**What you need to do**
Return an exact copy of the data, starting at its first line and ending at the line that contains "Classic lapels with", minus any pictures.

**Information shown**
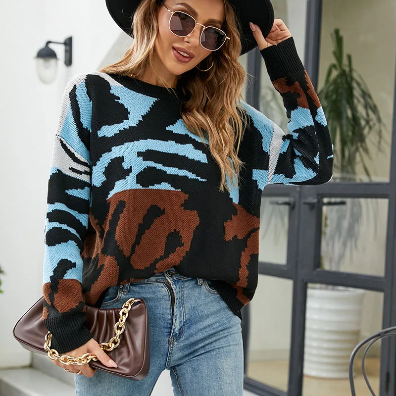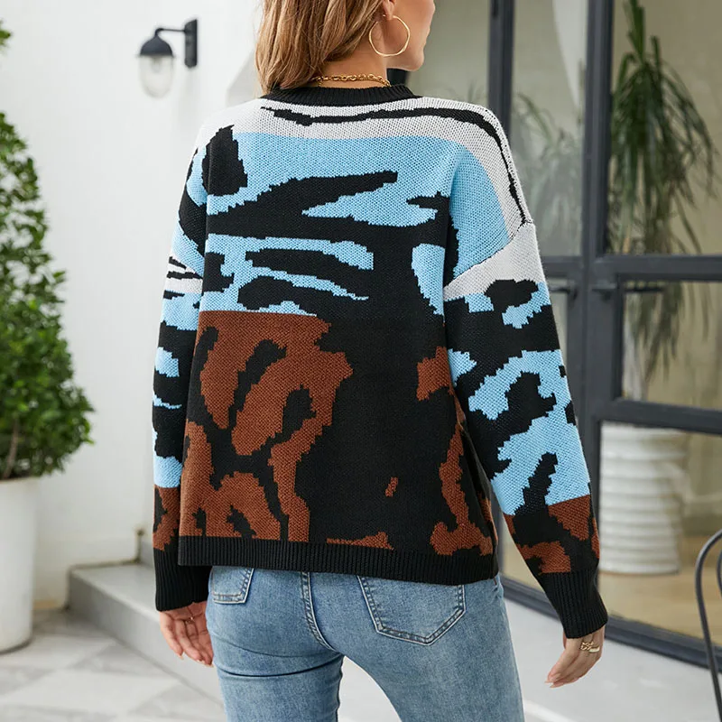 Women Casual Round Collar Tiger Stripe Pullover Sweater Tops Ladies Simple Drop-Shoulder Sleeve Daily Knit Jumper
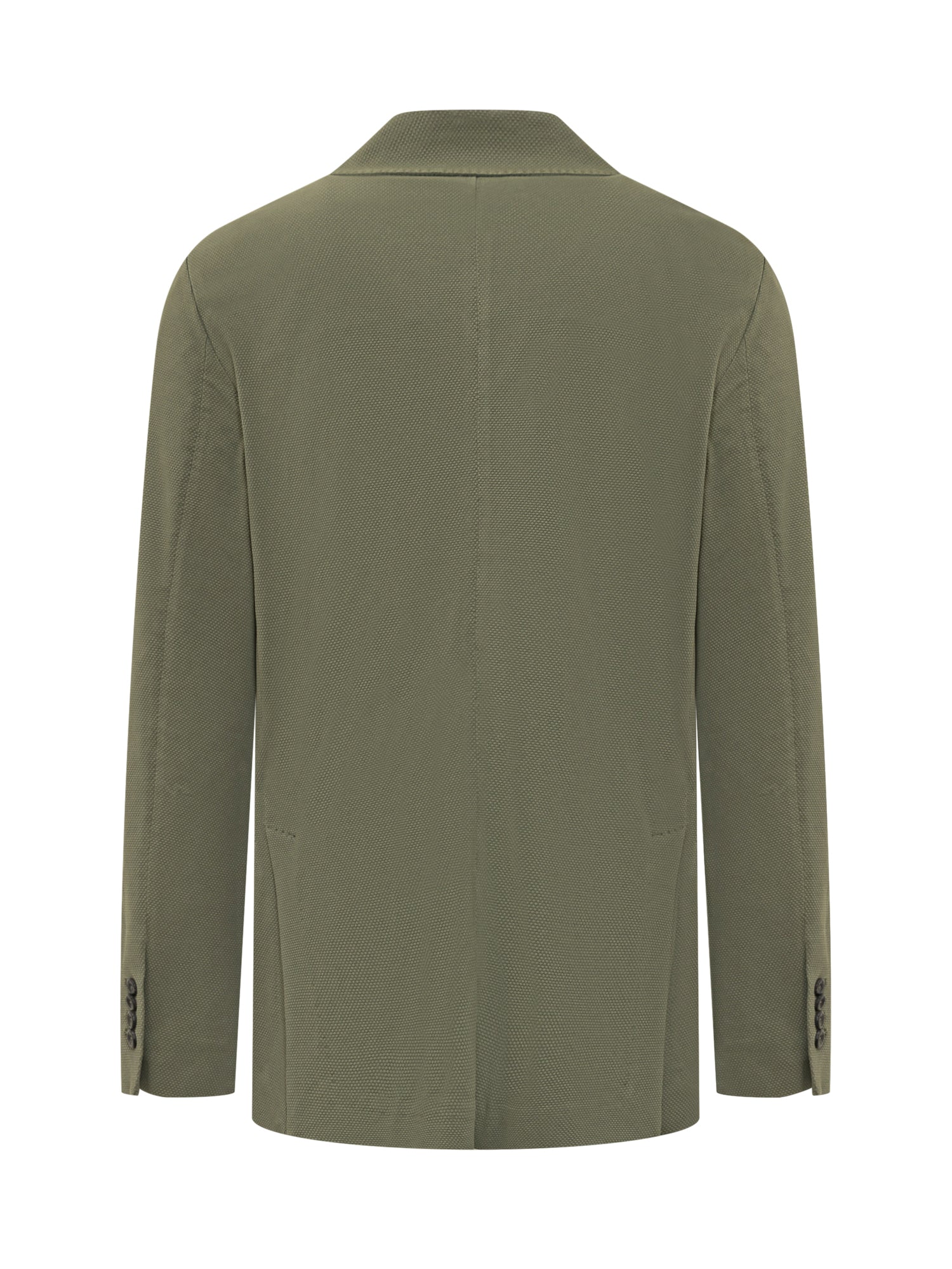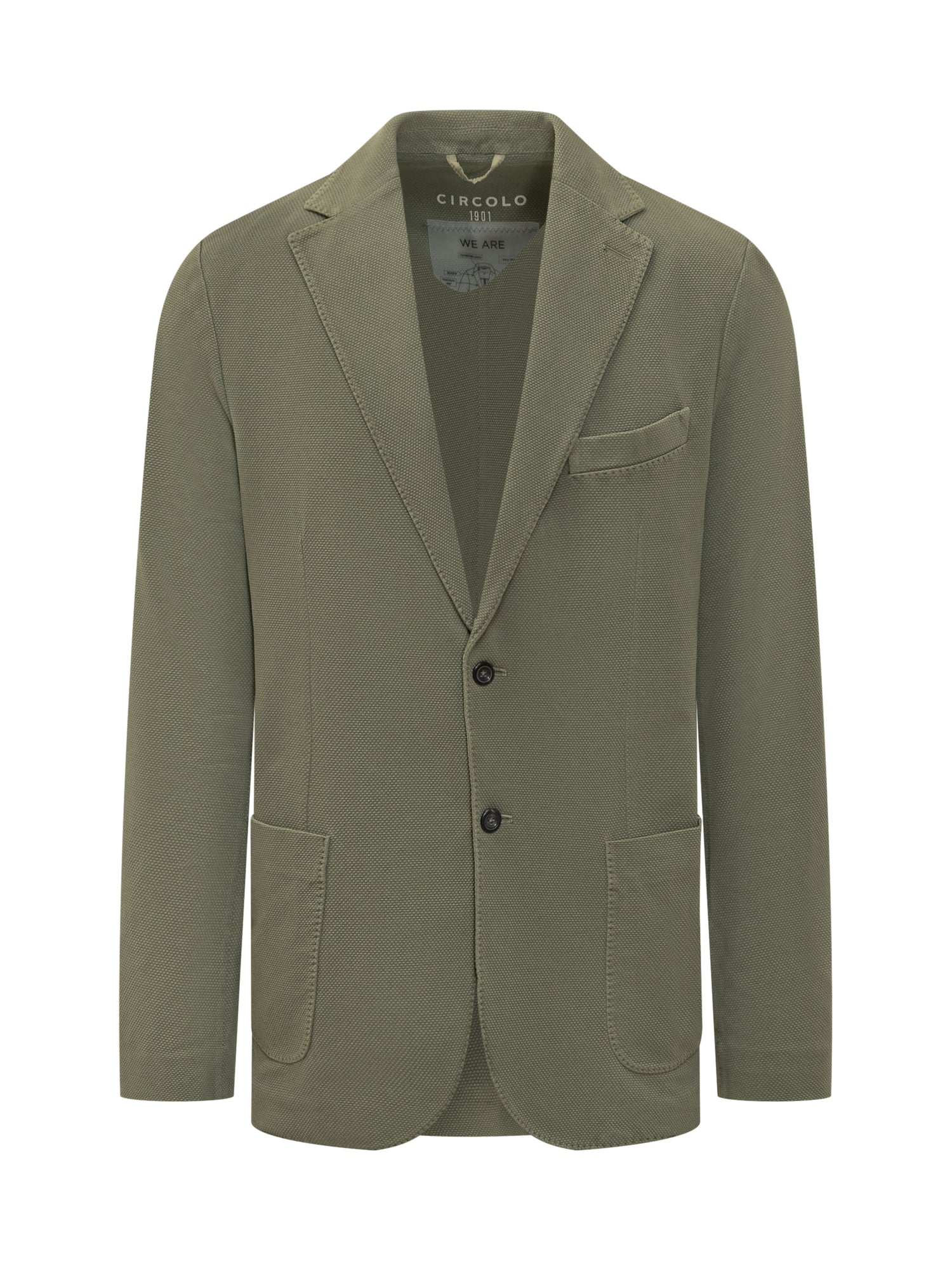 Classic lapels with buttonhole. Button fastening. Cuffs with buttons. Two patch pockets and one welt pocket.
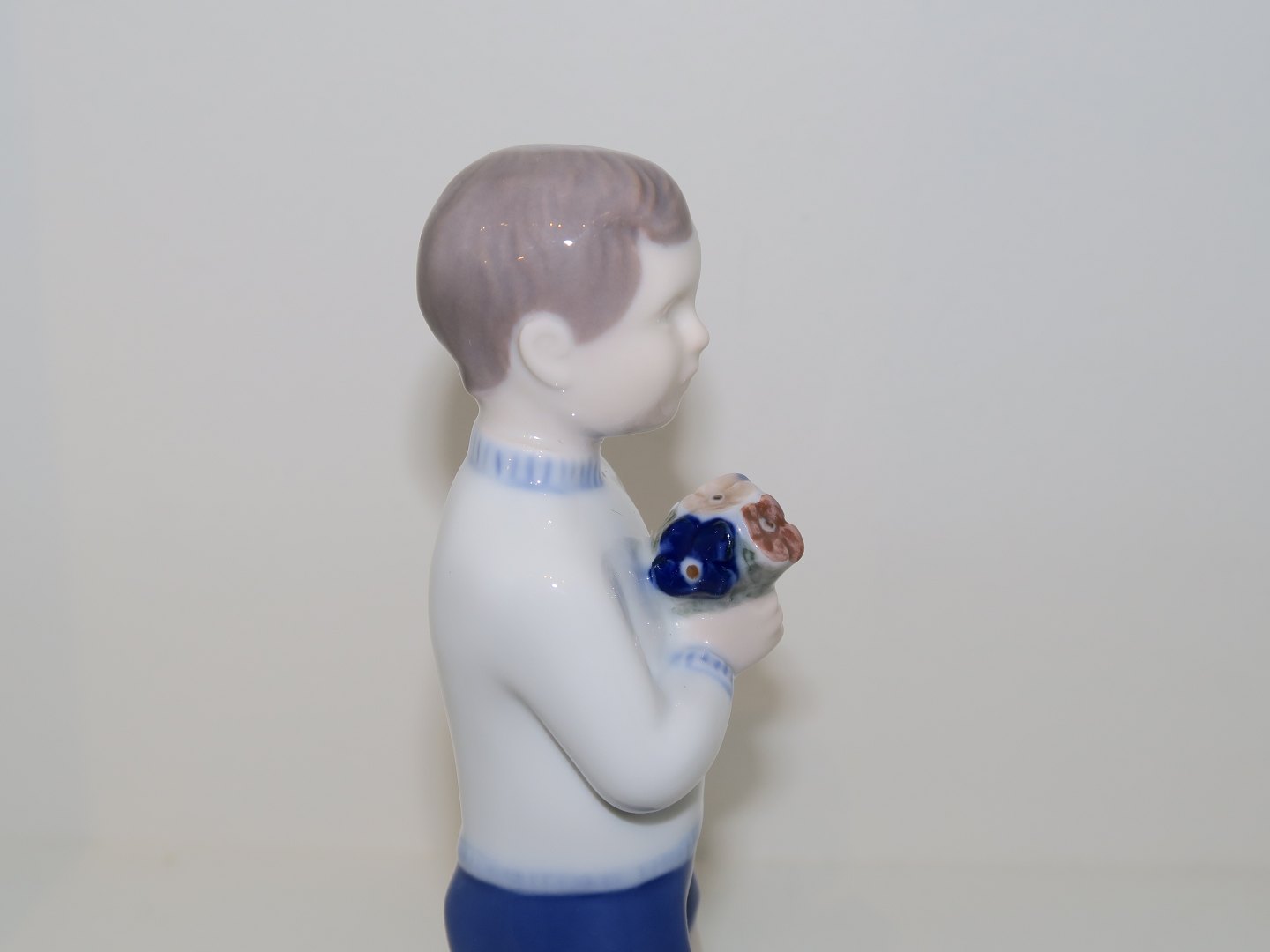 Bing & Grøndahl figur, dreng med blomsterbuket. Af fabriksmærket ses det, at denne er produceret mellem 1962 og 1970. Dekorationsnummer 2390. 1. sortering. Højde 17,6 cm. Perfekt stand uden fejl.
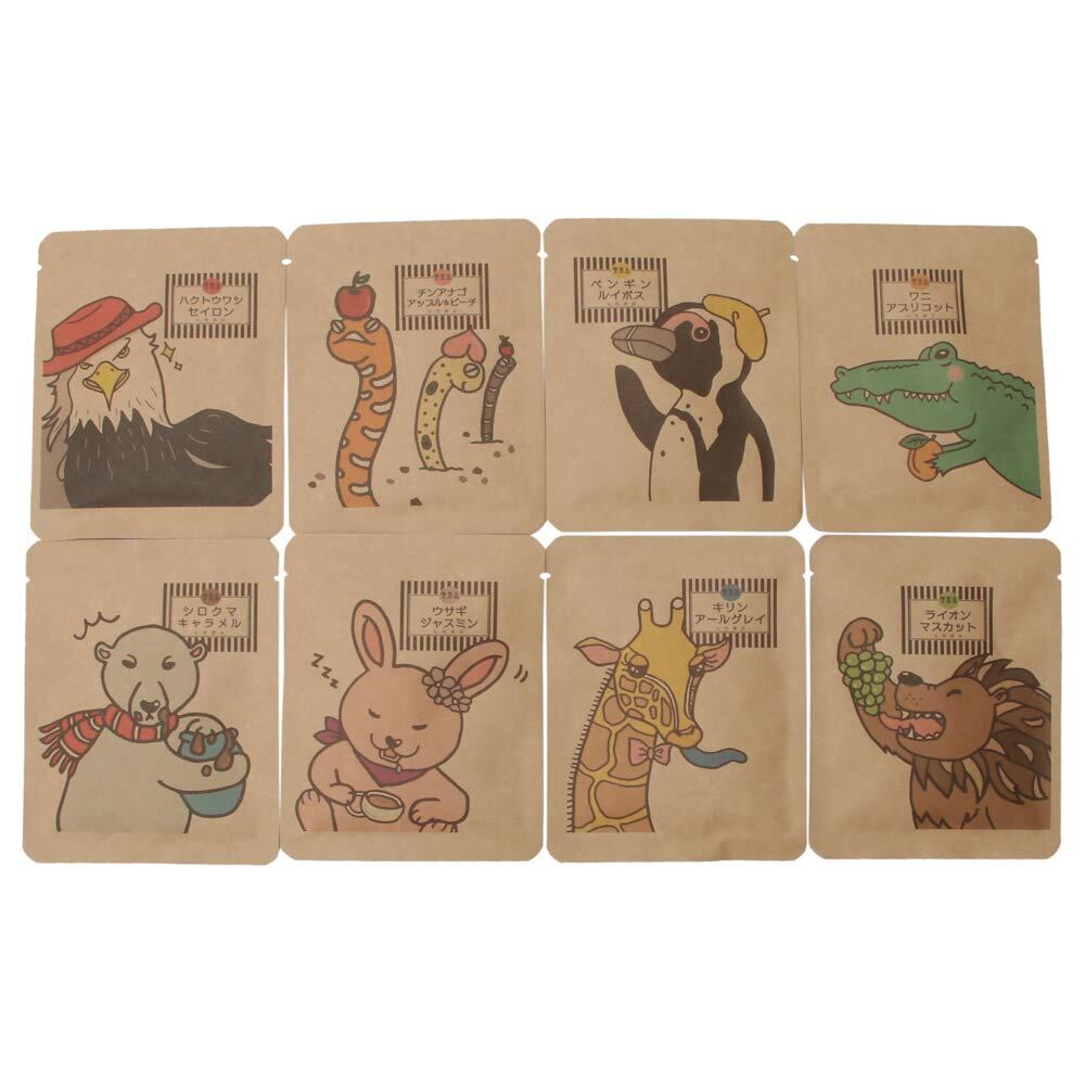 紅茶は8種類、各2包ずつで計16包。どうぶつの絵柄ごとに違います。・ アールグレイ ・ルイボス ・ジャスミン ・セイロン ・キャラメル ・マスカット ・アップル&ピーチ ・アプリコット

**Solution below**
 Women Casual Round Collar Tiger Stripe Pullover Sweater Tops Ladies Simple Drop-Shoulder Sleeve Daily Knit Jumper
 Classic lapels with buttonhole. Button fastening. Cuffs with buttons. Two patch pockets and one welt pocket.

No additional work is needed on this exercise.